Root Cause analysis..

A couple of points that contributed to the massive slowdown that we faced in our submissions table are as follows:-

  • Indexing - Improper or no indexing done on the columns that were being used to join the tables.
  • Unnecessary JOINS- There are some unnecessary joins in our query that could be removed to gain more perf.
  • Empty String Bug - A bug in our code where we are comparing with an empty string (“”) for all the columns that were part of the where condition of the query if no user input was provided for those columns.
  • The ORM - The ORM was running a super stupid query to get the data.

These are the pinpoints that I found while going through the code and our database schema and also while analyzing the query that was being run to get the data needed.

Analyzing and testing for every issue mentioned.

Cause 1: Indexing

After doing some googling and reading through people’s similar problems I found that ours was not that big an issue. People are struggling with millions of rows, ours was just a fraction of that so there must be something that we were doing wrong.

Many suggestions were there from the community who solved these problems earlier. I found that doing proper indexing can help a lot.

And so for testing, I took the submission from the beta db which had about more than 100k records.

Without any optimizations, it was taking 2.3 seconds to run the whole thing on average. (of course, this time does not only include the time to run the query on the DB, it includes the time to propagate the data over the network also)

Image description

After adding indexing to the columns I did find out that it shaved off a couple of ms from the time but it wasn’t enough. It was still around the 2-second mark and more often than not more than that.

So that was kind of a bummer!

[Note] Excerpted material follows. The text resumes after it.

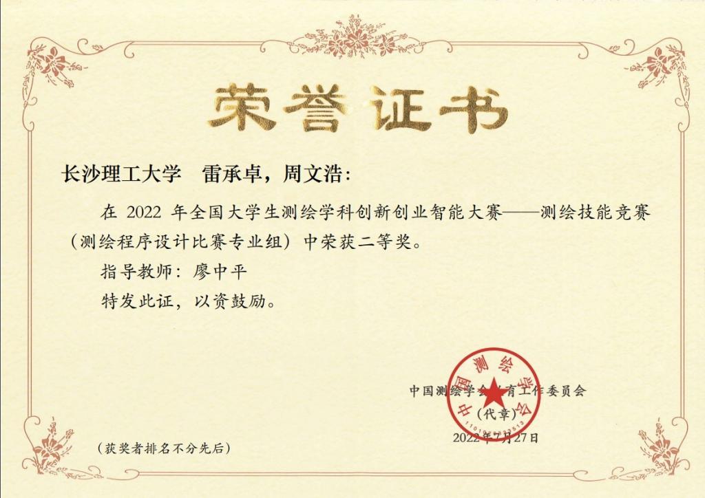 转折发生在大二下学期的测绘学科创新创业智能大赛选拔期间。我在选拔中脱颖而出——当时周围几乎全是大三的学长学姐,没有同年级的熟悉面孔,我自认为希望不大,只是按要求完成了选题。没想到我是第一个提交的,用廖老师的话说,“让我眼前一亮”。这也正常,毕竟之前我已经有了一些积累和基础。虽然程序仍有不足,但廖老师还是通过邮件选择了我。随后的暑假集训备战过程中,我在全国测绘大赛中因不够细心只拿到二等奖,但整个过程中我感觉能力有了质的飞跃。

Anyways moving on to the next cause.

Cause 2: Empty String bug

So we got from 2.3 seconds to about 2 seconds which is not a lot from just indexing. But then I found a small bug in our code where suppose there are four input fields for the user to type and filter results based on four different columns. If the user hasn’t typed anything on any of the inputs which is mostly at the time when the page first loads and the API call goes through to just get the latest data without any filtering and just joining and sorting.
So at that moment we passed “” string for all the columns in our db and that seemed harmless but actually what was going on was for all four columns the db was doing a lookup with you guessed it “” strings. And so that was a lot of lookup for literally nothing.

So when I changed that to empty like empty/null (equivalent to removing the where clause from the query) the query time went from 2.3 to 1.3 seconds.

And If you are wondering what was the time it was taking to do filtering with an actual input provided by the user. It was around 500ms (this is kind of acceptable).

Conclusion - “” strings don’t play well even if you have your db indexed with all the searchable columns.

Okay, we are moving in the right direction. We shaved off 1 complete second but then still we had to make it under 200/150ms, So still a long way to go.

Cause 3: Unnecessary joins

While querying submissions we are doing joins with contest and course tables which are not required. So we just removed it Idk when all that got added in the code but that goes to show that the reviewers weren’t paying much attention (I was one of them) anyhow..

Cause 4: The ORM

This was the issue that was causing the most.. Well.. ISSUE!!.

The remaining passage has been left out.